Participants were tested in both of their languages to counterbalance the influence of having to transfer the knowledge from their instructional into their non-instructional language. As they were proficient speakers of L2, this did not result in problems with communication. The data from both parts of the test are therefore presented together.

2.4. Analysis and coding

Previous studies that examined the quality of expressible word knowledge focused on the completeness and restric-tiveness of word meanings (e.g. Johnson & Anglin, 1995) as well as correctness of the semantic information (e.g. Fukkink, Blok, & De Glopper, 2001; Parry, 1993). In order to capture the different degrees of semantic knowledge, the coding framework in this study combines the two dimensions. Earlier research also stressed the importance of employing measures sensitive enough to capture the more fine-grained differences between the different degrees of lexical knowledge (Swanborn & de Glopper, 1999).

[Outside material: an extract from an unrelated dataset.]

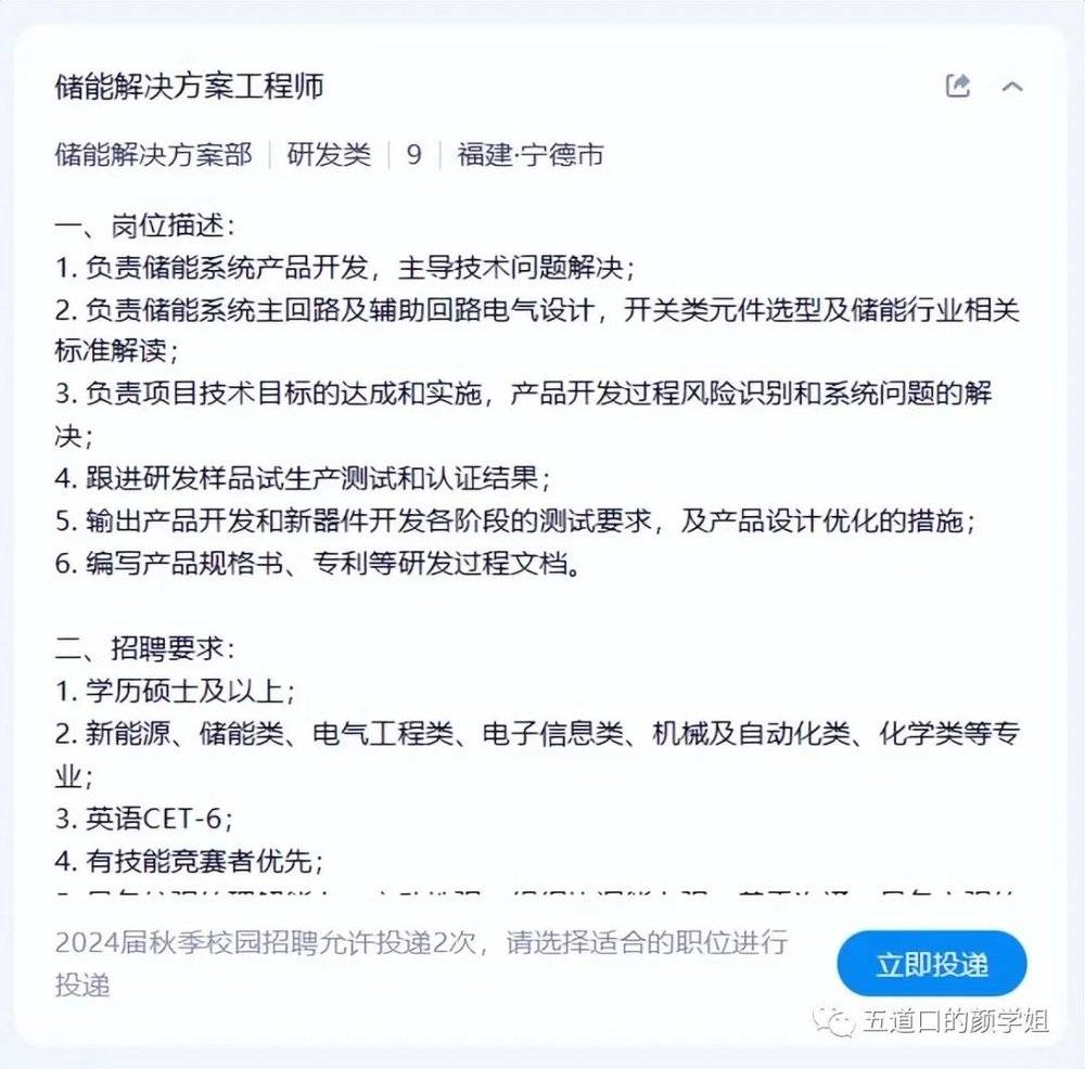 寧德時(shí)代的儲(chǔ)能方案工程師的招聘要求是:新能源、儲(chǔ)能類、電氣工程類、機(jī)械類、電子信息類、化學(xué)類。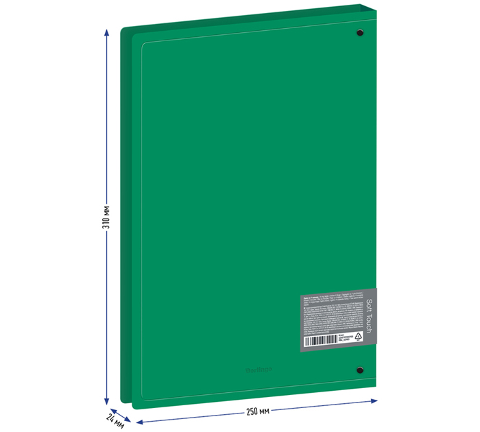 Папка на 4-х D-кольцах Berlingo серии Soft Touch формата А4 - стильный аксессуар для офиса и учёбы с плотной обложкой с приятной софт-тач фактурой. Изготовлена из высококачественного полипропилена толщиной 700 мкм с особой фактурой с эффектом софт-тач. Ширина корешка составляет 24 мм. Ширина папки составляет 250мм. Папка оснащена стильными черными кольцами, которые крепятся на заднюю стенку. Специальная D-форма колец диаметром 20 мм помогает удобно и ровно хранить документы, которые могут быть выровнены по левому краю, благодаря боковой вертикальной стенке кольца. Вместимость папки – 150 листов. На внутренней стороне обложки папка оснащена плотным прозрачным карманом для удобного хранения мелочей: ручки, заметок, визиток, дисков, флешек и др. Корешок папки оклеен специальным стикером для подписи содержимого, что позволяет легко и удобно организовывать документы на полке. Размер папки составляет 310х250х24 мм. Упакована в индивидуальный прозрачный пакет по форме. Папка оснащена съемным стикером с выходной информацией и штрих-кодом. Вместимость, в листах: 150. Формат: А4. Цвет: зеленый. Ширина корешка: 24 мм.

Participants’ responses were first divided into a) those that showed some evidence of TW learning (altogether 642 definitions) and b) those that did not (i.e. the participant could not recall any information about the TW or gave an incorrect answer) (altogether 222 definitions). Only those answers that showed some evidence of lexical learning were examined further (for the discussion of the number of form-meaning connections formed by each group, see Gablasova, 2012,2014). The quality of the word meanings provided by the participants was determined with respect to the inclusion of correct and incorrect core and minor meaning components. A list of correct meaning components was made on the basis of the information provided about each TW in the texts. These were divided into core (major) and minor meaning components after consulting a dictionary and also following an analysis of students’ answers. Based on this, a four-point scale (presented in Table 3) was developed and used for scoring participants’ answers. Examples of each scoring category can be seen in Table 4.

All examples in Table 4 are taken from the elicited definitions of transhumance with the exception of 1b which is taken from the definition of ecocentrism. The definition of ecocentrism in the text was as follows: «Ecocentrism is a nature-centred worldview based on the belief that all living organisms are equally important.» Transhumance was defined in the following way: «Transhumance — the seasonal movement (before winter) of stock from exposed, high mountain slopes to the more sheltered foothills and river flats. This avoids large stock-losses due to the bitter cold of winter.» All answers in the table were elicited in English. 3a shows an example in which the component ‘stock’ was replaced by ‘sheep’, thereby somewhat limiting the meaning of the word (as ‘sheep’ are a subset of ‘livestock’). 3b shows an example in which ‘moving’ was substituted by ‘driving out’. As the meaning of the latter expression could be paraphrased as ‘to force to go away’ it adds to the original meaning a component which was not implied in the text. Example 2a demonstrates a response in which a core meaning component (here ‘livestock’) was left out altogether. 2b is an example of a response in which a core component (‘livestock’) was replaced by another component (‘crops’). 1a shows a response in which only a short phrase (‘before winter’) overlapped with the original meaning, the rest being inaccurate. 1b is an example of a vague definition, which did not restrict the meaning of the word sufficiently.

Table 3

Coding scale for the semantic quality of the definitions.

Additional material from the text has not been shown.